How does n8n handle retries with exponential backoff?

Every node has a Retry On Fail setting with max tries and wait-between-tries in milliseconds. For true exponential backoff, wrap the call in a sub-workflow and use a Code node to compute the wait: `await new Promise(r => setTimeout(r, Math.min(2 ** $json.attempt * 1000, 30000)))`. n8n does not do backoff natively, but the pattern is five lines.

What is the right way to make an n8n workflow idempotent?

Hash the input payload to a stable key, check Redis or Postgres for the key before doing the side effect, write the key after success with a TTL. The Redis node and Postgres node are first-class; the whole pattern is 3 nodes. Idempotency belongs inside the workflow, not at the trigger — webhooks can fire twice.

When should I split logic into sub-workflows?

Three triggers: (1) the same logic is called from 2+ parent workflows, (2) the parent workflow exceeds ~30 nodes and becomes hard to read, (3) you want to retry just one stage without re-running the whole pipeline. Sub-workflows are typed function calls — treat them like you would refactor a 200-line function.

How do error workflows actually work in n8n?

In workflow settings, point "Error Workflow" at a dedicated error-handling workflow. When any node fails (after retries), n8n invokes that workflow with the failed execution payload — workflow id, node name, error message, run data. The error workflow typically alerts, logs to your observability stack, and decides whether to manually retry the parent. One per project, not one per workflow.

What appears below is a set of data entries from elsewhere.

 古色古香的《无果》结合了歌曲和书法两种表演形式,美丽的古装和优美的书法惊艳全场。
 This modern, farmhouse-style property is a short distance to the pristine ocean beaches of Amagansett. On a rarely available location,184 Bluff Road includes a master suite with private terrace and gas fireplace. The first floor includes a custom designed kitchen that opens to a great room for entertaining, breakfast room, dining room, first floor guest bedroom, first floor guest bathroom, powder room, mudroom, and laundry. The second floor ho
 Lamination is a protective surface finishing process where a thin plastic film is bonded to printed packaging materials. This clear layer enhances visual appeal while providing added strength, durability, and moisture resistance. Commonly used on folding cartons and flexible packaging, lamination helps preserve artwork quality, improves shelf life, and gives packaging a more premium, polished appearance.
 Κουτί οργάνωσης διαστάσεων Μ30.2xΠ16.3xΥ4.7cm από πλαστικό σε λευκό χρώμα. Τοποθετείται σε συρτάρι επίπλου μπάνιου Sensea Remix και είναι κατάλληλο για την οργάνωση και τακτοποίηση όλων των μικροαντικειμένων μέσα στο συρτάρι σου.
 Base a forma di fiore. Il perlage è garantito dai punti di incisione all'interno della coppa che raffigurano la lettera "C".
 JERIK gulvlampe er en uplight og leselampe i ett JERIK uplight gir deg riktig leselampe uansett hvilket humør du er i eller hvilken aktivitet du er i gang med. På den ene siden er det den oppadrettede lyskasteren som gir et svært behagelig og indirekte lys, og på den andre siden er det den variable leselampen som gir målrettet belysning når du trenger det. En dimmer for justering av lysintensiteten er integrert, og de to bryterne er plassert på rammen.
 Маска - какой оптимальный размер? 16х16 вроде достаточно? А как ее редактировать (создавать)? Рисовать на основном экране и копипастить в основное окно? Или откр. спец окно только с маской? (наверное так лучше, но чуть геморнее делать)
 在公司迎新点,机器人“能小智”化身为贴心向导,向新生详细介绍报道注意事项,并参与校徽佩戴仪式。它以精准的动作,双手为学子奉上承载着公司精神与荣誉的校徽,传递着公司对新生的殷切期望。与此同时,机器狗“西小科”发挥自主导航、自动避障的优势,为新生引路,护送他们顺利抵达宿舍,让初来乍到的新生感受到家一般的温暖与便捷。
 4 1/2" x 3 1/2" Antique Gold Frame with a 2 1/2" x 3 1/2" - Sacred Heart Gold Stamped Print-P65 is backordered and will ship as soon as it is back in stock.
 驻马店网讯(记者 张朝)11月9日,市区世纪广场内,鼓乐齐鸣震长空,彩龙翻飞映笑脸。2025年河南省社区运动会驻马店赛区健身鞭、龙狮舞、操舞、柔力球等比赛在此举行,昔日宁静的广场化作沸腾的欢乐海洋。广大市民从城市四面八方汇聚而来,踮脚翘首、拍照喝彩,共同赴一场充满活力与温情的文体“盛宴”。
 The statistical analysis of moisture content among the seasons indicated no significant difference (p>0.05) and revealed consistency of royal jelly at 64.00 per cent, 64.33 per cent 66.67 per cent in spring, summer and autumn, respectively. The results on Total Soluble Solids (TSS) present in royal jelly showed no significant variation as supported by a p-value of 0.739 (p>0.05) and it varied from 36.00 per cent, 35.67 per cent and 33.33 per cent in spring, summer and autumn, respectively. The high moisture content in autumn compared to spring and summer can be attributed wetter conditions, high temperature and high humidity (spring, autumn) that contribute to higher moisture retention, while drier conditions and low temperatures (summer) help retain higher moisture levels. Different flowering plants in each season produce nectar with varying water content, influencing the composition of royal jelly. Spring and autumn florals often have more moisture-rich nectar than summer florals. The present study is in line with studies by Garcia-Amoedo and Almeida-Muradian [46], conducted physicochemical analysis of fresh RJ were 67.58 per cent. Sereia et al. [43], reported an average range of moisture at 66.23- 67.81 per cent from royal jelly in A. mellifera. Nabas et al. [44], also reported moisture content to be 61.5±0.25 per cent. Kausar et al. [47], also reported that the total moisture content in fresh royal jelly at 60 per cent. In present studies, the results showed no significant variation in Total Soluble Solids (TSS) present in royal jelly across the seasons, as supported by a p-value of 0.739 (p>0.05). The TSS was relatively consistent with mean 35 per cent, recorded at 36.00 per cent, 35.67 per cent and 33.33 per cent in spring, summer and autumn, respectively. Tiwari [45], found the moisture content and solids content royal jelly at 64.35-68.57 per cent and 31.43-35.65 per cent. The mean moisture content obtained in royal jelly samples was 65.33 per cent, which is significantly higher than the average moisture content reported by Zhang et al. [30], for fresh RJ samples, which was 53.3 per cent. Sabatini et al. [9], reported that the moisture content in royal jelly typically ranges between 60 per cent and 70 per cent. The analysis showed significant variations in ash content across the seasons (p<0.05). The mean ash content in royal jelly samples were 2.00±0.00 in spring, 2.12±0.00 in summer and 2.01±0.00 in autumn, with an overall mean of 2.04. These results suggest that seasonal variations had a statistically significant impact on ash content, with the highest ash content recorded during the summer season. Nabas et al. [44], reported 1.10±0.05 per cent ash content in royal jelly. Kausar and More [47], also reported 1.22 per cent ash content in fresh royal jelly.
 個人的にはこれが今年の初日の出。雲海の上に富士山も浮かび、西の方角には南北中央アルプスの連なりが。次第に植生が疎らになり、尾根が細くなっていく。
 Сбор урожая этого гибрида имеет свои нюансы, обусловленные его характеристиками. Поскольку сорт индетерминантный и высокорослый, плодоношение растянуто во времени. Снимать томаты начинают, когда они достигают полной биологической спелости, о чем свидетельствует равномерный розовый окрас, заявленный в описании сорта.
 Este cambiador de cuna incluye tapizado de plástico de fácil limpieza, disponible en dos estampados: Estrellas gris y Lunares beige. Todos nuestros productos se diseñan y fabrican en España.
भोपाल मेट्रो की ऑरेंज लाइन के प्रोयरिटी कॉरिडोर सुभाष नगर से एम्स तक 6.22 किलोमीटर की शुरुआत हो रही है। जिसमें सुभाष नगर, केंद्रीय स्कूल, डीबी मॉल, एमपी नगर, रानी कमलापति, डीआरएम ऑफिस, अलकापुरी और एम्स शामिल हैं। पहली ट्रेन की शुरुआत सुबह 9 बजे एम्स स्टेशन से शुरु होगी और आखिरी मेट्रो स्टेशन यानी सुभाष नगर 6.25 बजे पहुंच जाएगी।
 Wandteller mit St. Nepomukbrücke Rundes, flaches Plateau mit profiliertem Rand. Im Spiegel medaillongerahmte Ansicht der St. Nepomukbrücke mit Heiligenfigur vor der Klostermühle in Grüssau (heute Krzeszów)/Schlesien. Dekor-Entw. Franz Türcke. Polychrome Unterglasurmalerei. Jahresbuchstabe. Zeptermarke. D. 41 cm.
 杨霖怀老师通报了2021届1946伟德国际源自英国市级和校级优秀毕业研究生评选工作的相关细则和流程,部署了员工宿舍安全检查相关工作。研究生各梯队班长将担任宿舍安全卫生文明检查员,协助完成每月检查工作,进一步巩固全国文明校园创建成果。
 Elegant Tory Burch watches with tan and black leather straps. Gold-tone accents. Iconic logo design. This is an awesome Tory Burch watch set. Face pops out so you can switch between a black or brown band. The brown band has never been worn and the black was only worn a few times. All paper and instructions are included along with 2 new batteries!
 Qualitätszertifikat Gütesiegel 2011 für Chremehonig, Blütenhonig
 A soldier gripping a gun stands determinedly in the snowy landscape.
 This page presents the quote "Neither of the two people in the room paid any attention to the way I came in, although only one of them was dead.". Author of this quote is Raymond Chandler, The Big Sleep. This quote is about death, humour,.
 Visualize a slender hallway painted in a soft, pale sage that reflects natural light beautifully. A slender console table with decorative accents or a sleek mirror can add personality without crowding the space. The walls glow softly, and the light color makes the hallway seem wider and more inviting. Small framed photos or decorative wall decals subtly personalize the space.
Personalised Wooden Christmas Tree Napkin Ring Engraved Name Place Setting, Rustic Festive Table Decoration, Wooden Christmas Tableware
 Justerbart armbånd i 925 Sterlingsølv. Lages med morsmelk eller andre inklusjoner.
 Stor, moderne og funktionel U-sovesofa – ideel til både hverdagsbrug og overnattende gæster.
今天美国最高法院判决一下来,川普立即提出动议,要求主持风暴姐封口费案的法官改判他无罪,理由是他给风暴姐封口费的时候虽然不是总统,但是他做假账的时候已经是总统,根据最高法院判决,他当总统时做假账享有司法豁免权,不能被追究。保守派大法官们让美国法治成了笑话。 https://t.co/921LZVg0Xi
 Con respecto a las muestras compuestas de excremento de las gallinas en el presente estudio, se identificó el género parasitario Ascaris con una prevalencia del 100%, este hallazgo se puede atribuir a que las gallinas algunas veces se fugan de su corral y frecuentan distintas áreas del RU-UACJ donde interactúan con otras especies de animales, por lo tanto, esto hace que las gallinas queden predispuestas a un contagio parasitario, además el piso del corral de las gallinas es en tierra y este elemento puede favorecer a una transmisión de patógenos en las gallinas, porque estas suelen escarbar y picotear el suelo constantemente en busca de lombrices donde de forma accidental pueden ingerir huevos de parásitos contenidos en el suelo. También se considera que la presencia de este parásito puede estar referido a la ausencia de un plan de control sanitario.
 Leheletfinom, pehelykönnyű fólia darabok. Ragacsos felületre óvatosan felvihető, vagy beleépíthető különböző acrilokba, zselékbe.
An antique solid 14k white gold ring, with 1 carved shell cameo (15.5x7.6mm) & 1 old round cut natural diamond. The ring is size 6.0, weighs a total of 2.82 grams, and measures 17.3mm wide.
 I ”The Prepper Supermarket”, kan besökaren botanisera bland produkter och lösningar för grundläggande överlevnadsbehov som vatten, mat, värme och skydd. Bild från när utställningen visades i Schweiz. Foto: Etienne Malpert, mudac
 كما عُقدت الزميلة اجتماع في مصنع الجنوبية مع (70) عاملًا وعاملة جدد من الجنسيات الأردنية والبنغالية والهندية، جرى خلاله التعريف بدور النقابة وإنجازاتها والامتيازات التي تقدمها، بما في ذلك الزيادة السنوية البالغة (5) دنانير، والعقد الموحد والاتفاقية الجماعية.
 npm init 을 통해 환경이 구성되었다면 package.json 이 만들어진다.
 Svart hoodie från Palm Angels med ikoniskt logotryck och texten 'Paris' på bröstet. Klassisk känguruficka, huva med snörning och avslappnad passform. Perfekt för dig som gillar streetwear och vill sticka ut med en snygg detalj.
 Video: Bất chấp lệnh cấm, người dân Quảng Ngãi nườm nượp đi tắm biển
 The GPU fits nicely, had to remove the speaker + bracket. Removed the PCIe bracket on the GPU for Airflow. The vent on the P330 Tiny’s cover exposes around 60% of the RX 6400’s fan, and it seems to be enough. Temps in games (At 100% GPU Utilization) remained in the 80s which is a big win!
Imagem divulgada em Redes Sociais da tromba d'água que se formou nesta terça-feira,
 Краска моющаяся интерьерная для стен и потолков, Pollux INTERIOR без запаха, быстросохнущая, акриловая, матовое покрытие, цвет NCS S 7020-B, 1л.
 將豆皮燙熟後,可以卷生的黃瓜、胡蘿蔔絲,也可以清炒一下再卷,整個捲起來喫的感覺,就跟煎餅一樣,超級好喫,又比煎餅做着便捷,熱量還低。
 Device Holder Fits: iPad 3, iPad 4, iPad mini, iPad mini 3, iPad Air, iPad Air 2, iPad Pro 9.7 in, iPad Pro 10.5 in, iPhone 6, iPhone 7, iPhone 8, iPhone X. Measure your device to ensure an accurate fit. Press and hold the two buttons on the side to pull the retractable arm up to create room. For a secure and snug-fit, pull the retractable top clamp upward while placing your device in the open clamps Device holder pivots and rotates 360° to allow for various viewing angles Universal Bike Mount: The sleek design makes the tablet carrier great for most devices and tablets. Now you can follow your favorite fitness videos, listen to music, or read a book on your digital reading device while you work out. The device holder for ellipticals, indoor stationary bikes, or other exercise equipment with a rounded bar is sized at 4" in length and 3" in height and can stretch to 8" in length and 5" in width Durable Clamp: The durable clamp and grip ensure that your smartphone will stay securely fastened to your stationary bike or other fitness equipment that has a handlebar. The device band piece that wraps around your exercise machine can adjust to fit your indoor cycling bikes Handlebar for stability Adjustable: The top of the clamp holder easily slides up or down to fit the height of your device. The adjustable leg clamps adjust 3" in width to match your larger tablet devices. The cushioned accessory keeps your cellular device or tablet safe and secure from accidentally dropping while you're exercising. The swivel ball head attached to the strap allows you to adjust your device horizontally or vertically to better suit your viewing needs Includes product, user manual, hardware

n8n complex workflow patterns (2026): branching, fan-out, retries, and error handling

1. Conditional branching done right

The default reflex is to chain IF nodes. Don't. For anything past two branches, use a Switch node — it's readable in the canvas, diffs cleanly in Git when workflows are exported to JSON, and short-circuits evaluation on self-host.

Pattern: route customer events by plan tier.

Trigger (webhook: customer.event)
  ↓
Switch node — rules:
  rule 1: {{ $json.plan === 'enterprise' }}  → Enterprise handler
  rule 2: {{ $json.plan === 'pro' }}         → Pro handler
  rule 3: {{ $json.plan === 'free' }}        → Free handler
  fallback: → Slack alert (unknown plan)

Each branch ends in a NoOp node before merging back — it makes the visual graph readable and gives you a stable handle to insert metrics later. The fallback rule is non-negotiable: an unhandled branch is a silent bug factory.

2. Parallel fan-out and fan-in (the API-batch pattern)

Calling 200 external APIs sequentially takes 200× one call. n8n's default execution is single-threaded per workflow, but you get real parallelism two ways:

Within a workflow: SplitInBatches with batchSize=1 + branches that don't depend on each other → Merge in "Combine by Position" mode.
Across workers: Set EXECUTIONS_MODE=queue, deploy 3-10 worker replicas behind Redis, and each sub-workflow execution lands on a free worker.

Example: enrich 500 leads from an internal API, then write to Postgres.

Postgres (SELECT 500 leads)
  ↓
SplitInBatches (batchSize=10)
  ↓
HTTP Request (enrich) — retry on fail: 3 tries, wait 2000ms
  ↓
Postgres (UPSERT enriched row)
  ↓
[loop back to SplitInBatches until done]
  ↓
Merge (Combine by Position)
  ↓
Slack (summary: "enriched 500/500 in {{ $execution.duration }}ms")

The reason for batchSize=10 instead of 1 is API rate limits — most third-party APIs cap you somewhere between 10 and 100 requests per second. Tune to your weakest downstream. For the cost implications of running this kind of volume, see n8n vs Zapier self-hosting cost.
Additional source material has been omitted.